Correlation coefficient and nonlinear relationships

The correlation coefficient, r, is a good description of the strength of linear relationship but not nonlinear ones. If a scatterplot shows marked curvature, the correlation coefficient can considerably understate the strength of the relationship.

How can you summarise the strength of a nonlinear relationship? One solution is to use a different summary statistic that has better properties than r.
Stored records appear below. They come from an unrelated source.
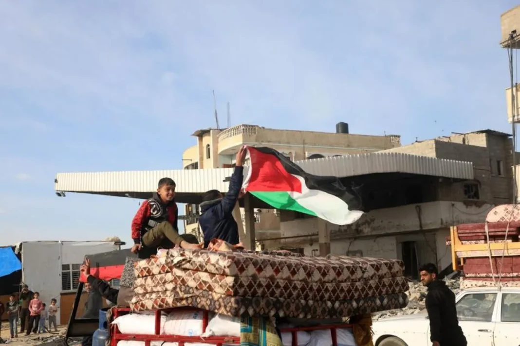 GAZA – Ribuan Warga Palestina pulang ke Kota Rafah di Jalur Gaza selatan pada 19 Januari 2025. Pemandangan itu terlihat sejak kesepakatan gencatan senjata Israel dan Hamas di Gaza mulai diberlakukan pada Minggu (19/1), setelah berbagai serangan mematikan yang berlangsung selama lebih dari 15 bulan.
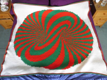 I love those graphics that trick the brain into thinking it's seeing something in 3-D that is really two dimensional and really wanted to recreate such an image in blanket form. I chose two contrasting colours to really bring out the illusion. It makes it hard to properly focus on the image, almost like it's constantly moving. It's a really fun effect and is as enjoyable to look at as it is to make it!
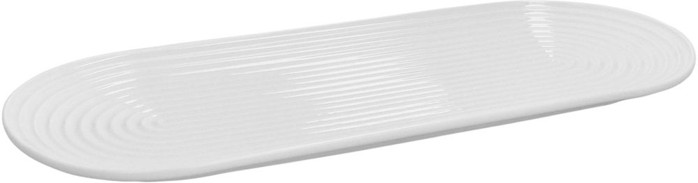 - Ovalt serveringsfad i hvidt porcelæn med karakteristiske rytmiske riller
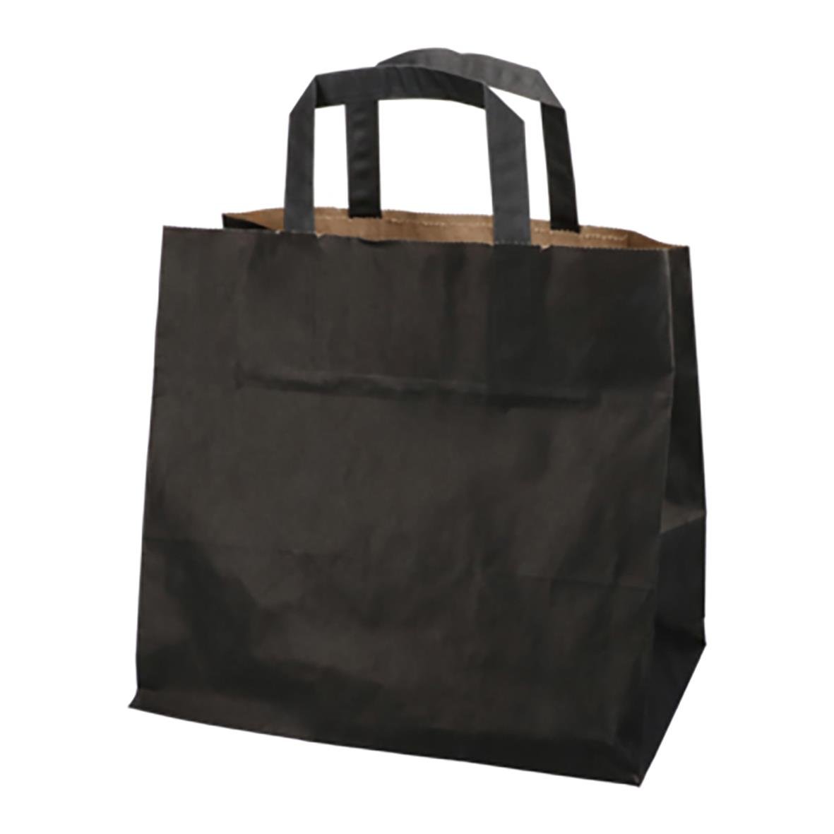 Take awaypåsar av brun kraft med platta handtag. Kassen är utmärkt för hämtmat inom fastfood, café och restaurang.
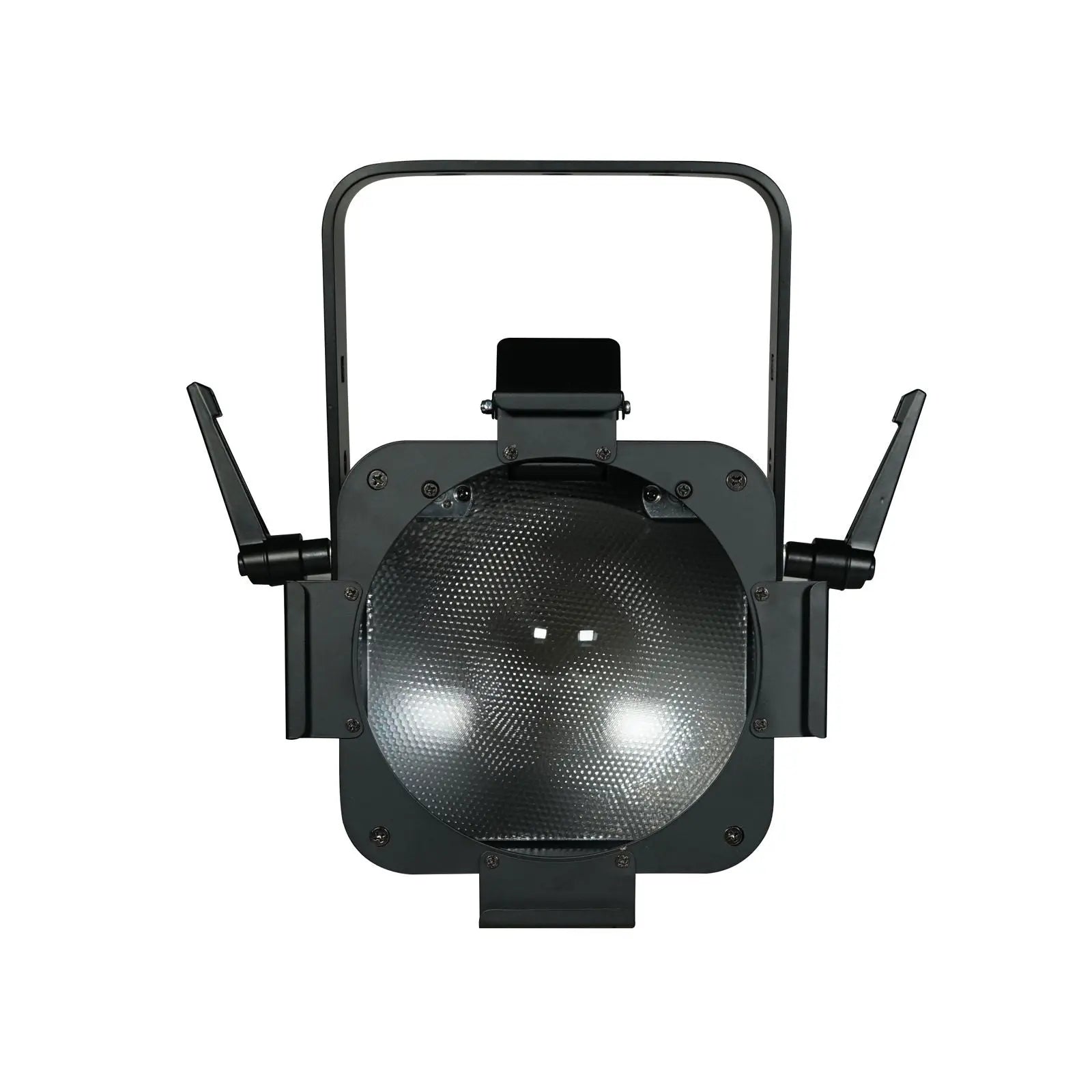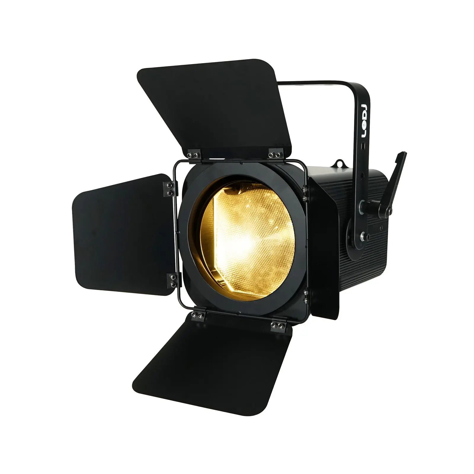 The Artisan 1000 WW Fresnel with a 100W warm white COB LED is ideal for schools churches and stages and making it an ideal replacement for tungsten fixtures. The beam angle is manually adjustable with all other features being controllable via the 4 button menu and OLED display or by DMX. The USB socket on the back panel allows for an optional W-DMX compatible transceiver further expanding the fixtures versatility with wireless master/slave or DMX control. 1 x 100W warm white (3200K) COB LED (WW) Manually adjustable beam angle: 15°- 45° 15° - 7011 Lux @ 2m (full on) 45° - 1768 Lux @ 2m (full on) Refresh rate: 1.2kHz 2.4kHz 4kHz 6kHz or 10kHz selectable DMX channels: 1/2 or 4 selectable W-DMX USB compatibility for wireless master/slave or DMX control W-DMX USB can be used to receive wireless DMX and relay the DMX signal via the XLR output 0-100% dimming 4 dimming curves: Linear square law inverse square inverse square law and S-curve Variable strobe 4 button menu with OLED display powerCON input/output 5-Pin XLR input/output Temperature controlled fan for whisper quiet operation Handle on rear panel Filter frame and barn doors included

In this page, we describe an alternative solution to the problem.

Transform the variables to linearise the relationship

Applying a nonlinear transformation (such as a log transformation) to a single variable changes the shape of its distribution and can be used to eliminate skewness.

Nonlinear transformation of a variable has a more important effect on bivariate data — it alters the shape of the relationship. (It is easier to explain how this happens in the diagram below than in words!) It is often possible to linearise a relationship by transforming one or both variables.

Therefore one way to use r to describe nonlinear relationships is to apply a transformation to one or both variables to remove the nonlinearity before evaluating r.

Prices of Mazda cars

The scatterplot below shows the price and age of second hand Mazda cars that were advertised for sale in the Melbourne Age newspaper on 8 February 1992. The relationship is clearly nonlinear with a steep initial decline in price followed by a more gradual decrease.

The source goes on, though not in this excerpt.